**Source material**
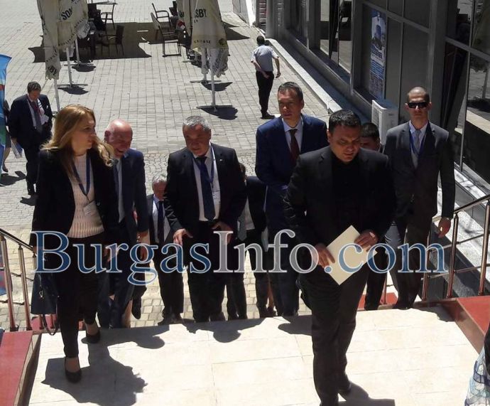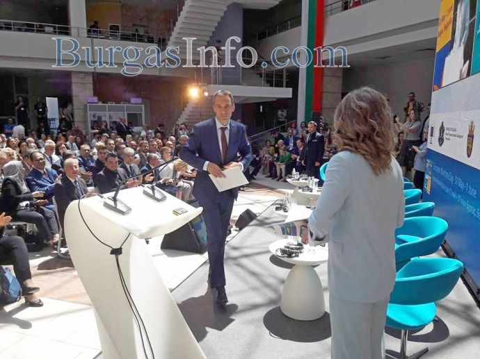 „Това е възможност, да се срещнат над 700 участици от различни държави, институции организации и бизнес, за да демонстрират отговорно отошение и постижение в политиките, свързани с морето и с устойчивото използване на неговите ресурси, да дадем своя градски принос към провеждането на Българското председателство на Съвета на Европейския съюз. Бургас Ви посреща със слънчев залив, уютна пъстра атмосфера на градските улици, с разнообразието на културни събития, присъщи на морския град. Бургас обаче Ви посреща и с хората, които са неговата истинска и неподправена визитна картичка. За тези хора морето не е сезон, а ежедневие. Те го харесват, ценят това, което то им дава, уважават неговата стихия. Това са хората, които превръщат малкото рибарско селище в началото на 20-ти век в голям административен и културен център, какъвто е днес. Затова Ви представям града чрез лицата на тези бургазлии, които с ума, талната и идеите, са допринесли за развитието на този район. Бургас е градът на щедростта и добротворчеството, днес градът се гордее с модерни училища, университети, утвърждава се като град, в който културата, науката и бизнеса си взаимодействат, за да инвестират в най-важния капитал – младите хора. Основите на тази модерна политика полагат поколения бургазлии преди повече от 200 години, които със своята далновидност и щедрост предопредделят ценности, които ние изповядваме днес.“, каза кметът Димитър Николов.
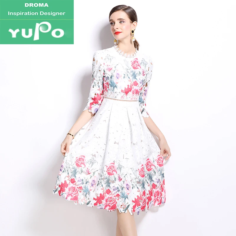 Product Name: Droma in Stock Fashion Vintage Hollow Out Lace Midi Length Floral Casual Dresses Elegant Women Lady
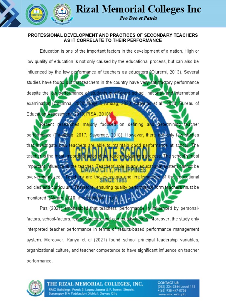 Paz (2021) emphasized that teachers’ performance in influenced by personal-
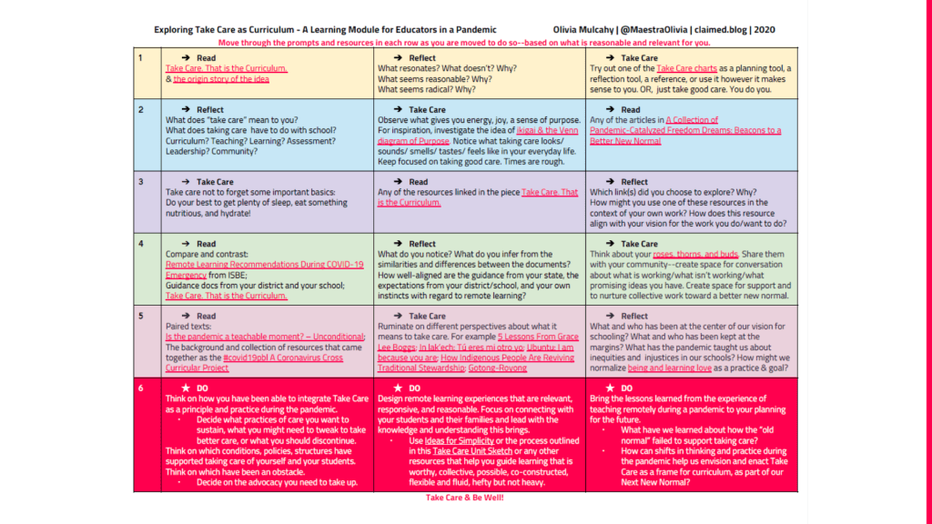 Exploring Take Care as Curriculum – A Learning Module for Educators in a Pandemic:

**Work task**
Take the lines from the one holding "Product Name: Droma" through the last line of the data above and copy them exactly, both ends included, omitting all pictures.

**Response**
 Product Name: Droma in Stock Fashion Vintage Hollow Out Lace Midi Length Floral Casual Dresses Elegant Women Lady
 Paz (2021) emphasized that teachers’ performance in influenced by personal-
 Exploring Take Care as Curriculum – A Learning Module for Educators in a Pandemic:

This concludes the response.